# Bug out!!!!!!!!........



## 8thDayStranger (Jan 30, 2013)

Today we are bugging out! If you don't hear from me in three days it was a complete failure and we have died on a mountain top.


----------



## nopolitics12 (Mar 20, 2013)

8thDayStranger said:


> Today we are bugging out! If you don't hear from me in three days it was a complete failure and we have died on a mountain top.

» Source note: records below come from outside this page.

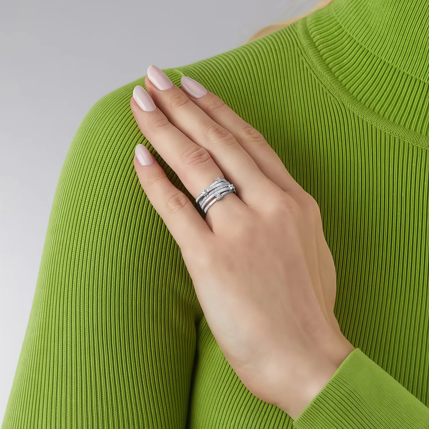 Anillo Goa cinco aros marillado una bril pave bril uñas en aros #7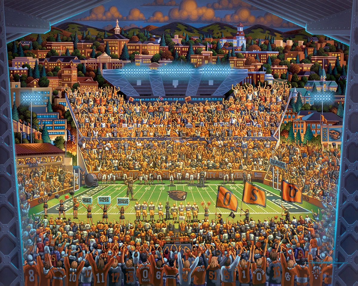 Set against the green backdrop of Corvallis, Oregon, Eric has captured all of the excitement and energy of an Oregon State Beavers football game. It’s newly redesign branding and mascot, Benny the Beaver can be seen throughout the artwork. Known for many conference championships and as well as producing many great NFL players throughout the year, Oregon State Football has a great reputation as a successful football team.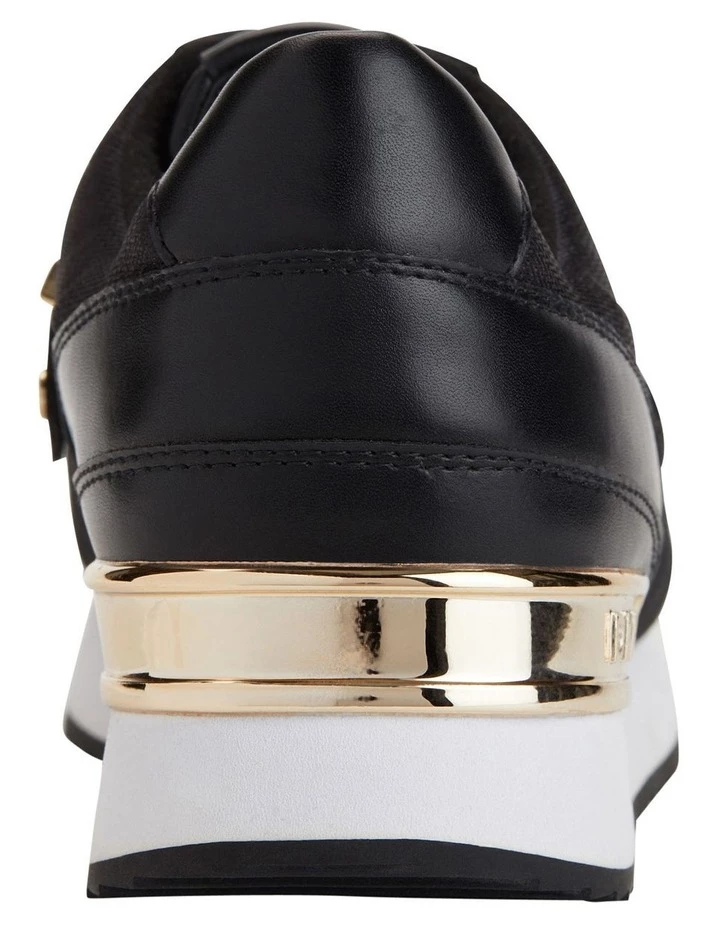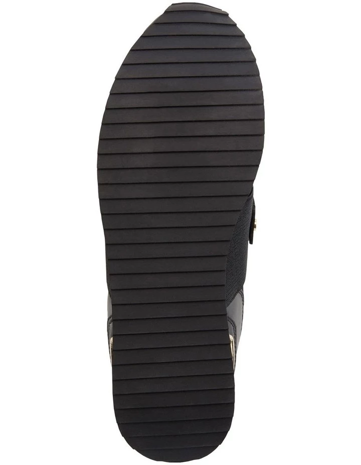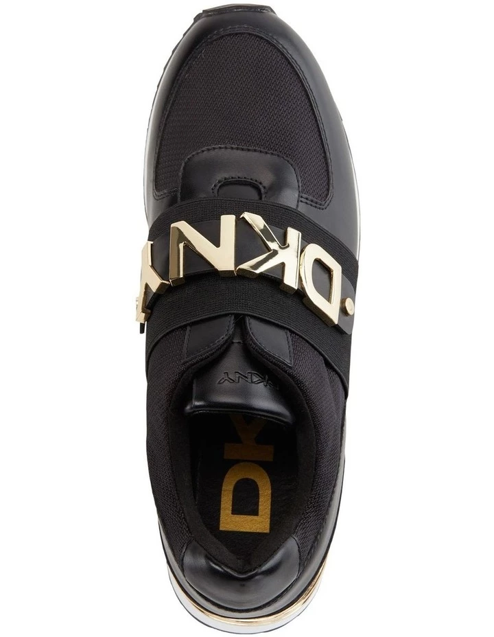 Slip on sneaker with DKNY metal letters on elastic strap on upper vamp, metal rand on back counter, round toe, memory foam footbed.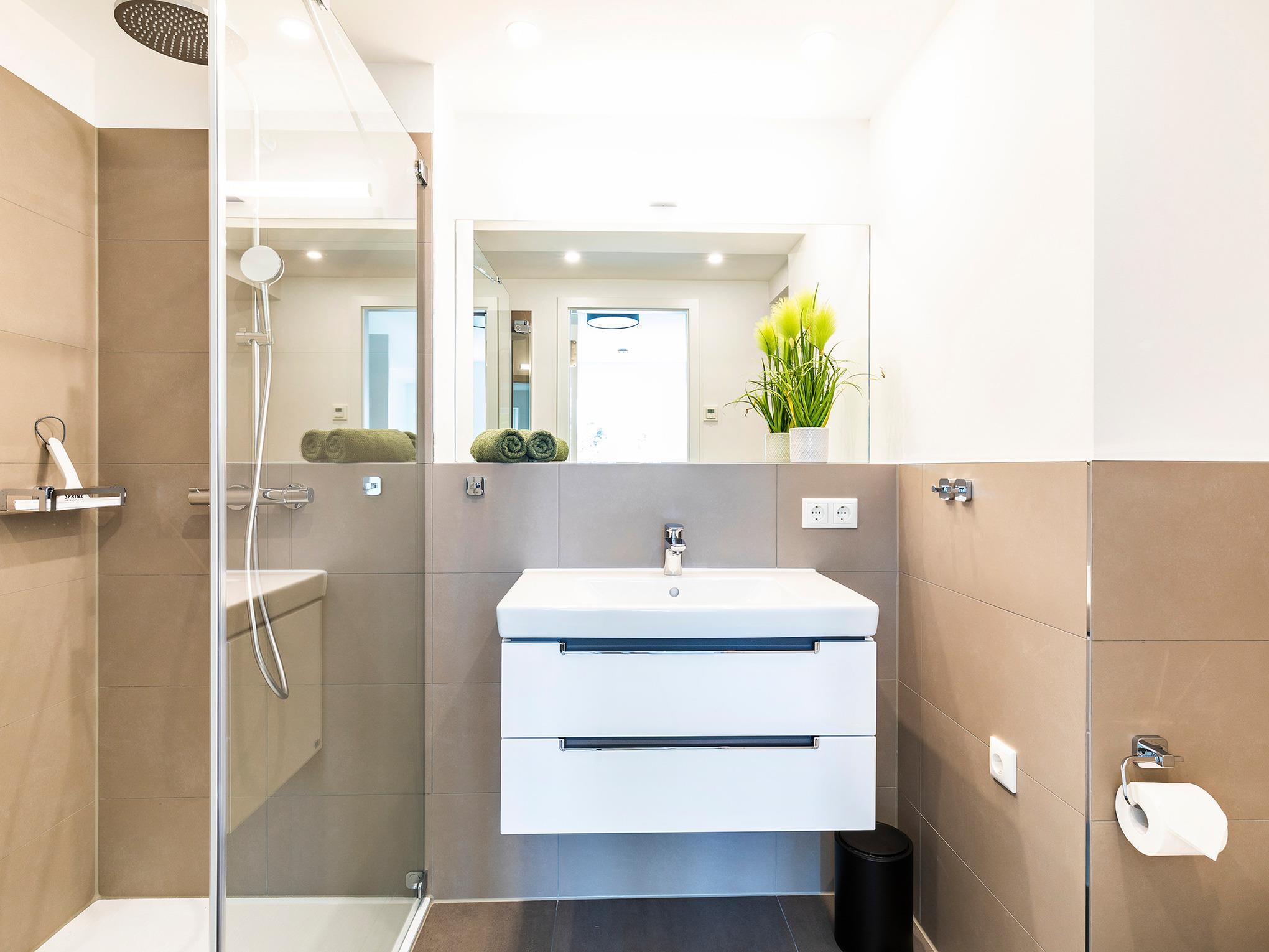 zu vier Personen. Zwei vollausgestattete Bäder mit Regenduschen verhindern Wartezeiten,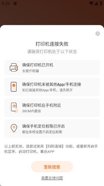 若连接失败,请重启打印机和手机蓝牙后重试。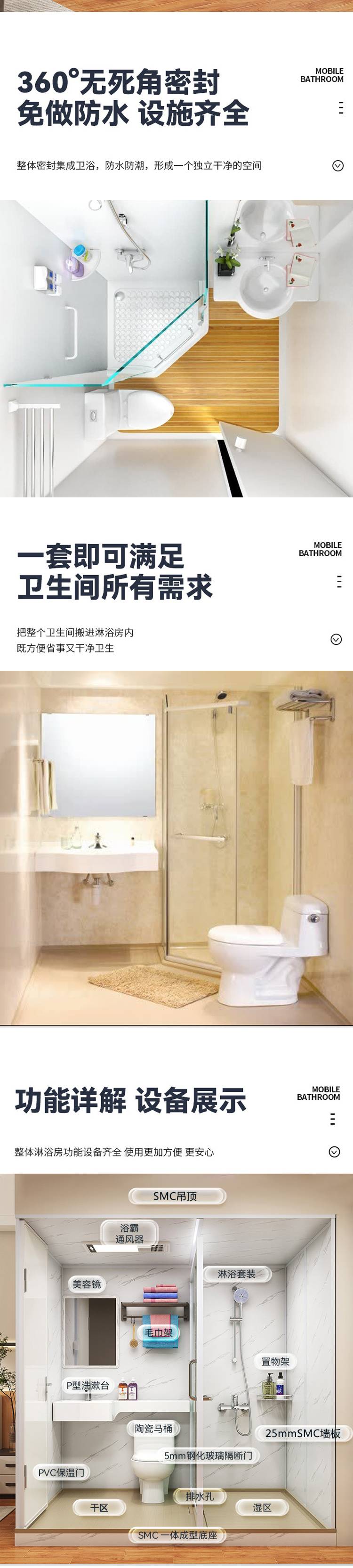 宾馆整体浴室 长方形浴室整体淋浴房 酒店工地可适用

See you in three days. Take care.


----------



## goshengirl (Dec 18, 2010)

Best wishes for three days' worth of learning and bonding! :beercheer:


----------



## PrepN4Good (Dec 23, 2011)

Looking forward to reading your "lessons learned"...


----------



## hiwall (Jun 15, 2012)

PM me where you are going so if you die I can collect your equipment!


----------



## biobacon (Aug 20, 2012)

Good Luck man, hope you told some one where you were going.


----------



## MDsapper (Mar 12, 2013)

good luck!!!!!


----------



## rf197 (Jul 19, 2009)

3 days of peace!!! Enjoy!


----------



## DJgang (Apr 10, 2011)

hiwall said:


> PM me where you are going so if you die I can collect your equipment!


Oh naw....I live closer to him, PM ME!!!!

Have fun and be careful. We are in for some possibly nasty weather Thursday, so watch them clouds and feel the air. Look forward to ya reporting back.


----------



## UncleJoe (Jan 11, 2009)

8thDayStranger said:


> If you don't hear from me in three days it was a complete failure and we have died on a mountain top.


Now that doesn't sound very promising. I realize you haven't been here long but didn't you get anything from us? 

Enjoy your time away. :wave:


----------



## 8thDayStranger (Jan 30, 2013)

Still alive!! Got pretty cold last night but it was bearable. Got up this morning and made my coffee. Hiked down to get cell reception and it looks like we got some rain moving in mid day so we may pack up early if it gets too bad. No sense in being miserable if we don't have to.

So far the trip is going great though. The misses made her first fire without matches or a lighter. Worked hard getting camp set up yesterday. Today we are exploring the mountain and looking for water. There's a creek that runs around the valley on the back side of camp but we didn't go down yesterday. I'm also practicing snares today. Had a squirrel taunting us about 7 last night. I saw him and got the 22 to take him out and he holed up in a tree for a while. By the time he came down it was too dark to get a shot. He ran around the back of the camp for an hour barking and stirring leaves. I hope he's as brave today.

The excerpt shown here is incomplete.